RECORDS TO PROCESS:
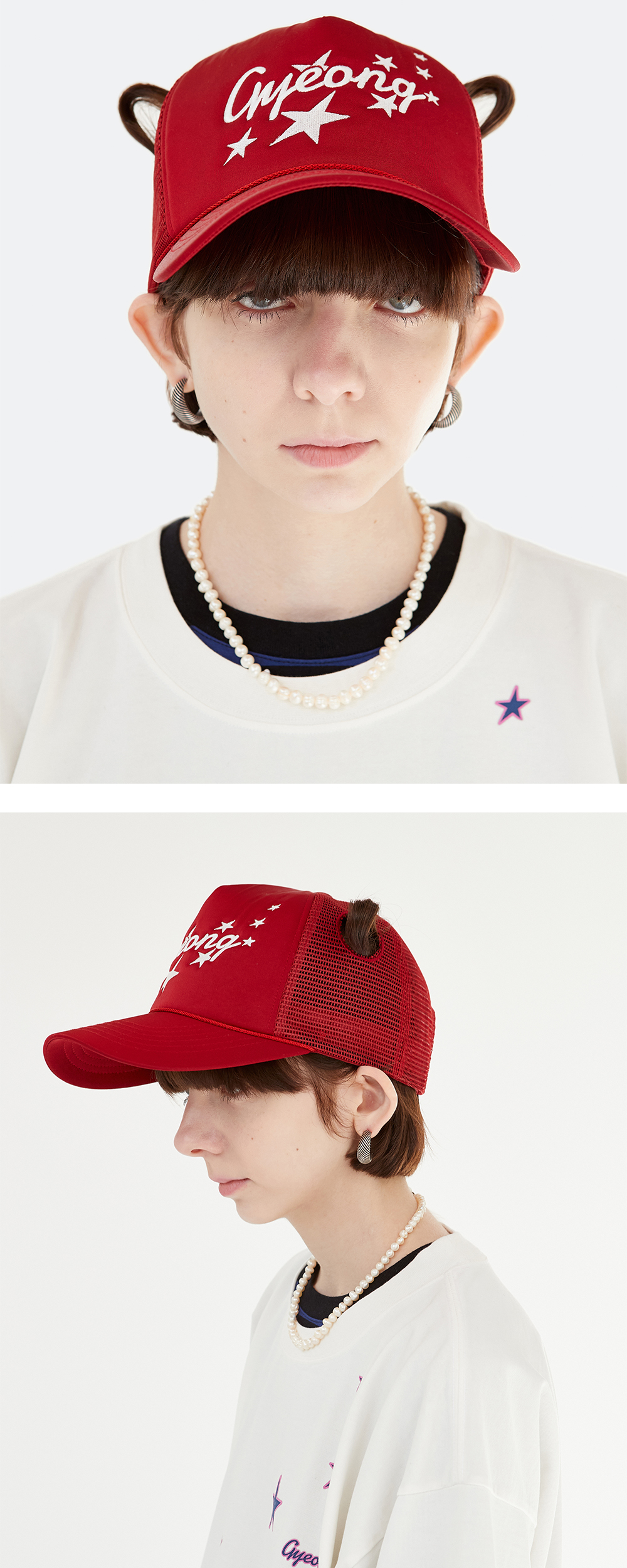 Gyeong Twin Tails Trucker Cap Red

==

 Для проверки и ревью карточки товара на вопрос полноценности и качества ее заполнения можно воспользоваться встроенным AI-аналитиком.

==

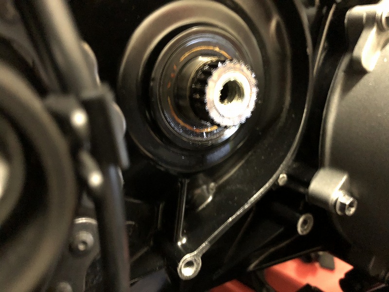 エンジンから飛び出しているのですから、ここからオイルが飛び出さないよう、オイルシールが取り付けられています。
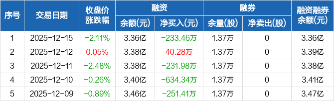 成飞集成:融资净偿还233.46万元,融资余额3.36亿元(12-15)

REQUIREMENT:
Your answer should consist of the lines above between those holding "エンジンから飛び出しているの" and "成飞集成:融资净偿还233.46万元,融资余额3.36亿元(12-15)", inclusive, reproduced word for word and without pictures.

ANSWER BOX:
 エンジンから飛び出しているのですから、ここからオイルが飛び出さないよう、オイルシールが取り付けられています。
 成飞集成:融资净偿还233.46万元,融资余额3.36亿元(12-15)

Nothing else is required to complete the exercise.